Christopher Bone writes in the Journal of British Studies:
In the past 120 years every state in Europe, except Britain and Sweden, has undergone revolution, invasion, foreign occupation, national liberation, civil war or military coups d'état. What, it may be asked, is the British secret? This question, posed by the contemporary British historian E. J. Hobsbawm was debated by many French historians in the 19th century. The most persuasive attempt to answer this question has come in the works of twentieth century French historian, Elie Halévy.
Encyclopedia Brittanica:
Élie Halévy, (1870-1937), French historian, author of the best detailed general account of 19th-century British history, Histoire du peuple anglais au XIXe siècle, 6 vol. (1913–47; A History of the English People in the Nineteenth Century). This great work traces the political, economic, and religious developments in Britain after 1815.

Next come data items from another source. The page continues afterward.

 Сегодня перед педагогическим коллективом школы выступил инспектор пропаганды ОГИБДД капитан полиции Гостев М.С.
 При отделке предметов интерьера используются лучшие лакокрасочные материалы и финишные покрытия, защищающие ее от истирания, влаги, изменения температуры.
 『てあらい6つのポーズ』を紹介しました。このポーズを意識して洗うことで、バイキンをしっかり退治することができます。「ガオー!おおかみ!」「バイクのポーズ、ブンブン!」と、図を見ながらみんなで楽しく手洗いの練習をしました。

While the French Revolution kept the blades of the guillotine descending apace on the heads of the French aristocracy, the very same social upheavals that fuelled the fires of passion burning in the revolutionists, were threatening the status quo in England.

Historian, Élie Halévy:
"If economic facts explain the course taken by the human race," he wrote, "the England of the nineteenth century was surely, above all other countries, destined to revolution, both politically and religiously."
What then, circumvented this inevitable revolution?

Encyclopedia Brittanica:
Halévy was particularly concerned with the rise of nonconformity, and he sought to show that what was basic to the British conception of liberty was a spirit of voluntary obedience.

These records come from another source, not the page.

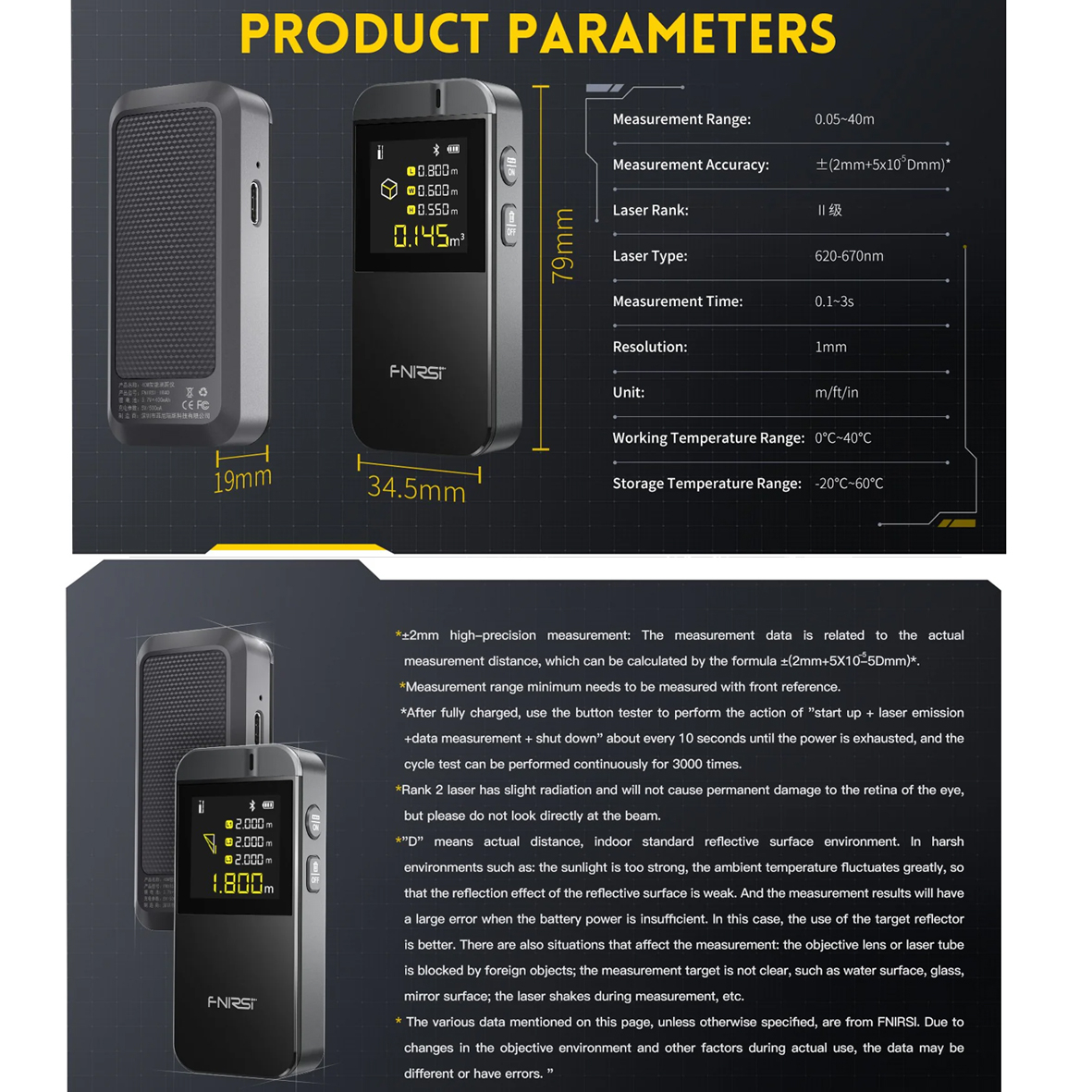 Лазерний далекомір FNIRSI IR40 використовує прецизійну лазерну технологію для забезпечення швидких, простих і точних вимірювань кожного разу, коли ви його використовуєте.
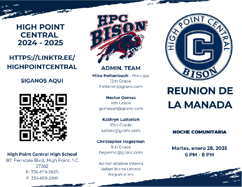 Good evening! This is Principal Hettenbach from High Point Central High School with a message from the Boulevard.
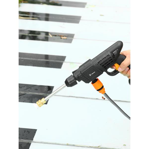 Корпус из ABS-пластика дополнен съемным резервуаром объемом 0,35 л. Аппарат подключается к водопроводу с помощью шланга длиной 5 м. Доступен забор из открытых емкостей. Максимальная температура воды — 40°C. В комплектацию входят пистолет с креплением, выдерживающим сильный напор, две насадки, в том числе распылитель. Изделие весит 2,21 кг. Габариты — 13х29,5х34 см.
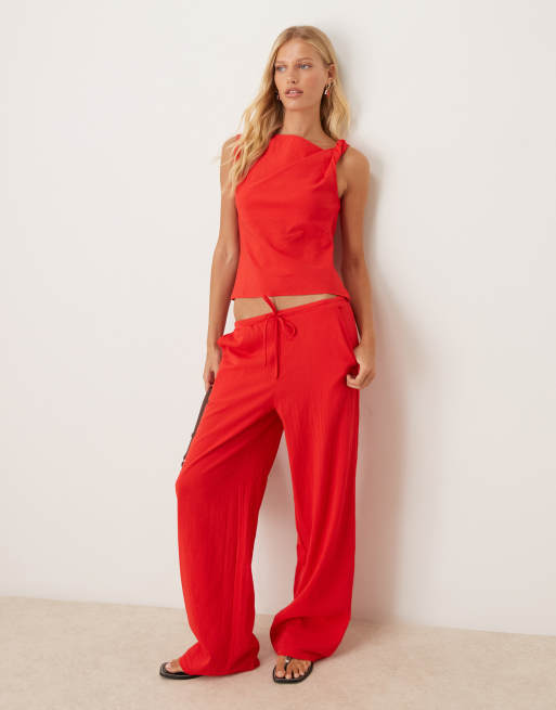 Conjunto rojo de pantalones con cordón ajustable y top de tirantes con diseño moldeado y detalle retorcido en los hombros de Mango

Nonconformity, as the reader will no doubt appreciate, is the name given to the Protestant movement of dissent with the Anglican Church led by John Wesley, George Whitfield and others. Wesley had been summed up as:
"One of the architects of modern England" 
As many Western nations rush headlong into removing the historically privileged place of Christianity from all forms of public and political life, is it not time to rethink? If Christianity has proven a reliable source of social stability and a fence to ward off all manner of evils, is it not time to heed the wisdom of G.K Chesterton who said:
“Whenever you remove any fence, always ... pause long enough to ask yourself the question, 'Why was it put there in the first place?'”
We delivered our groceries, and asked the lady if she would like to be prayed for, she agreed and after brief prayer we left.

A trolley full of groceries will satiate the hunger for a while, only for it to return, she will experience hunger again. Then what? Our prayer is that she begins to recognize a desire for that "bread" that takes away the leanness of soul. Extrapolate that to a whole culture and we begin to see where we are at. The clamour for things that don't really satisfy. Like the cordial that is designed to instigate thirst, we need to be questioning our need for "junk food" as a culture. We need to recognize that though we may be replete with goods that bloat our bodies, on the inside there is a serious malnutrition that is killing us.